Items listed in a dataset

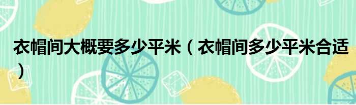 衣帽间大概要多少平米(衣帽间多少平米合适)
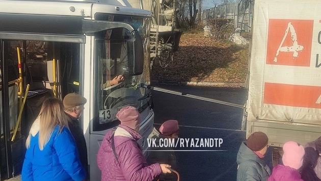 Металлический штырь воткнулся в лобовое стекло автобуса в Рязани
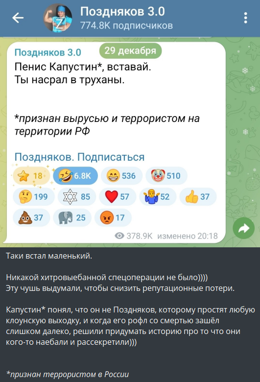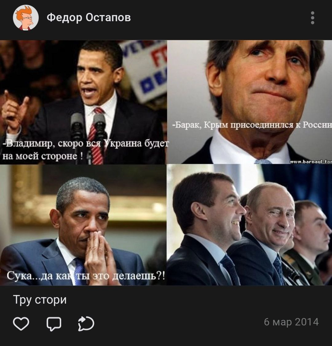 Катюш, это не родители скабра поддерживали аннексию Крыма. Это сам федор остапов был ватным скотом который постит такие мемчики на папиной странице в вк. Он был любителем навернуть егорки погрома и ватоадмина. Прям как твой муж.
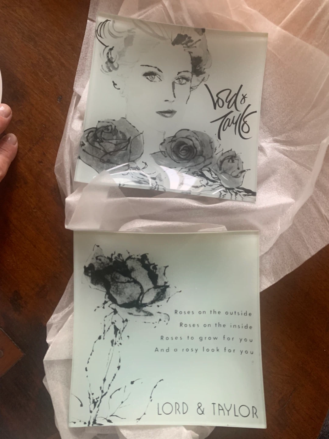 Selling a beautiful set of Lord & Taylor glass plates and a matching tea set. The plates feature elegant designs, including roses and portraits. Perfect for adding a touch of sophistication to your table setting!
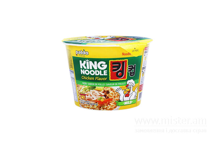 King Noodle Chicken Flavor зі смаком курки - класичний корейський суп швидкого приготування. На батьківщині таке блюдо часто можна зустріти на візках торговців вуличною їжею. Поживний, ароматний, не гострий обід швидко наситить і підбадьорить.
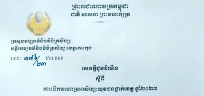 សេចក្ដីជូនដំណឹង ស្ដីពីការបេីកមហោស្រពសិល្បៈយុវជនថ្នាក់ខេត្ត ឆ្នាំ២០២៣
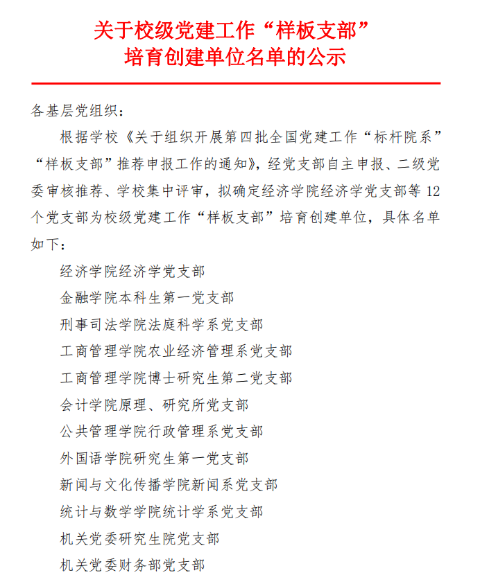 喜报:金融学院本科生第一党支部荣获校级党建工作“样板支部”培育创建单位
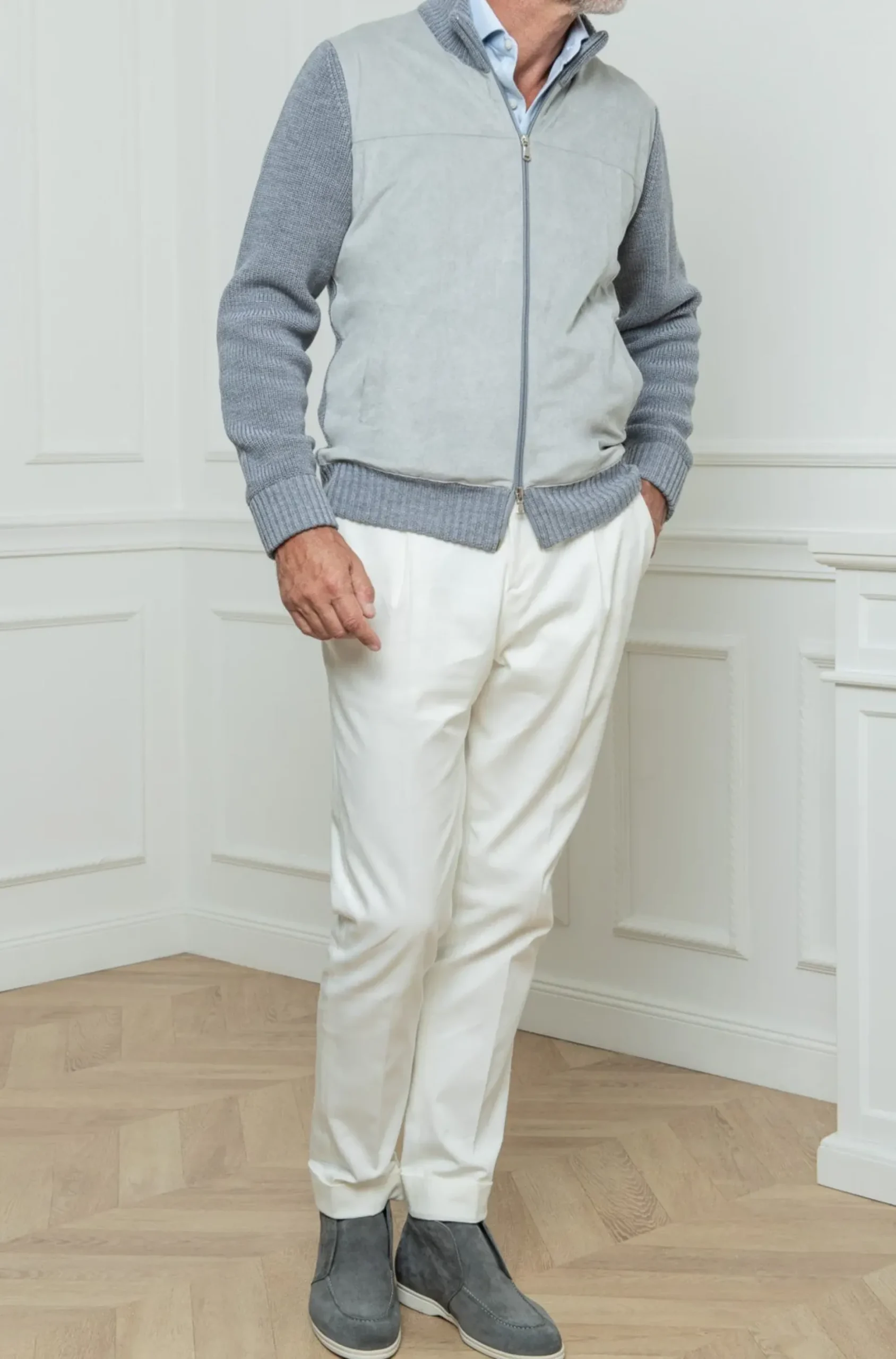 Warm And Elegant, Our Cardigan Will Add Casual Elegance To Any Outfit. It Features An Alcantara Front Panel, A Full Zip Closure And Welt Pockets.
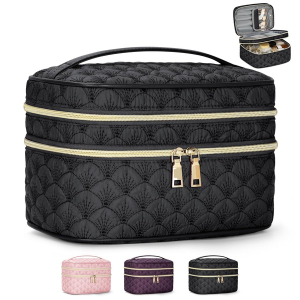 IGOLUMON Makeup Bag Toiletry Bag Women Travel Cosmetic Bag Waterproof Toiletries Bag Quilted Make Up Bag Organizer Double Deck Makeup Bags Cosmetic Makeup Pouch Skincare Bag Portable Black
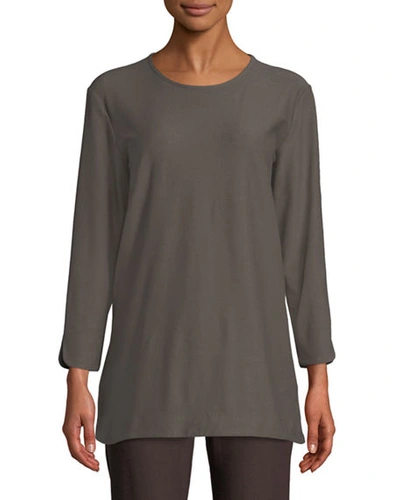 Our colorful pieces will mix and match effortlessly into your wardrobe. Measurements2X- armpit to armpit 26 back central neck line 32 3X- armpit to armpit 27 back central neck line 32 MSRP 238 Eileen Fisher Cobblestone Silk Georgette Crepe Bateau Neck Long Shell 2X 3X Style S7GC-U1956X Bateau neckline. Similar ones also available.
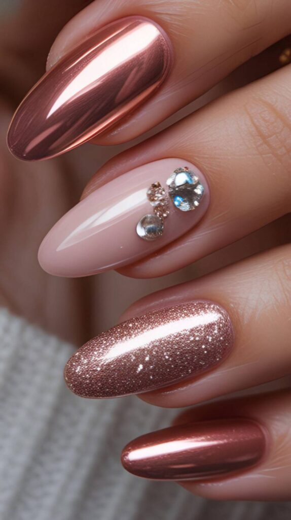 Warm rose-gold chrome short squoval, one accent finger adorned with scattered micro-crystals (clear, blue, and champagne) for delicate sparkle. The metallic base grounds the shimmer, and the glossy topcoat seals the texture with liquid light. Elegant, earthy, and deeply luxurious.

§ **Description of the task**:
In the copy, include each entry exactly as written and none of the pictures.

§ **Expected answer**:
 衣帽间大概要多少平米(衣帽间多少平米合适)
 Металлический штырь воткнулся в лобовое стекло автобуса в Рязани
 Катюш, это не родители скабра поддерживали аннексию Крыма. Это сам федор остапов был ватным скотом который постит такие мемчики на папиной странице в вк. Он был любителем навернуть егорки погрома и ватоадмина. Прям как твой муж.
 Selling a beautiful set of Lord & Taylor glass plates and a matching tea set. The plates feature elegant designs, including roses and portraits. Perfect for adding a touch of sophistication to your table setting!
 King Noodle Chicken Flavor зі смаком курки - класичний корейський суп швидкого приготування. На батьківщині таке блюдо часто можна зустріти на візках торговців вуличною їжею. Поживний, ароматний, не гострий обід швидко наситить і підбадьорить.
 សេចក្ដីជូនដំណឹង ស្ដីពីការបេីកមហោស្រពសិល្បៈយុវជនថ្នាក់ខេត្ត ឆ្នាំ២០២៣
 喜报:金融学院本科生第一党支部荣获校级党建工作“样板支部”培育创建单位
 Warm And Elegant, Our Cardigan Will Add Casual Elegance To Any Outfit. It Features An Alcantara Front Panel, A Full Zip Closure And Welt Pockets.
 IGOLUMON Makeup Bag Toiletry Bag Women Travel Cosmetic Bag Waterproof Toiletries Bag Quilted Make Up Bag Organizer Double Deck Makeup Bags Cosmetic Makeup Pouch Skincare Bag Portable Black
 Our colorful pieces will mix and match effortlessly into your wardrobe. Measurements2X- armpit to armpit 26 back central neck line 32 3X- armpit to armpit 27 back central neck line 32 MSRP 238 Eileen Fisher Cobblestone Silk Georgette Crepe Bateau Neck Long Shell 2X 3X Style S7GC-U1956X Bateau neckline. Similar ones also available.
 Warm rose-gold chrome short squoval, one accent finger adorned with scattered micro-crystals (clear, blue, and champagne) for delicate sparkle. The metallic base grounds the shimmer, and the glossy topcoat seals the texture with liquid light. Elegant, earthy, and deeply luxurious.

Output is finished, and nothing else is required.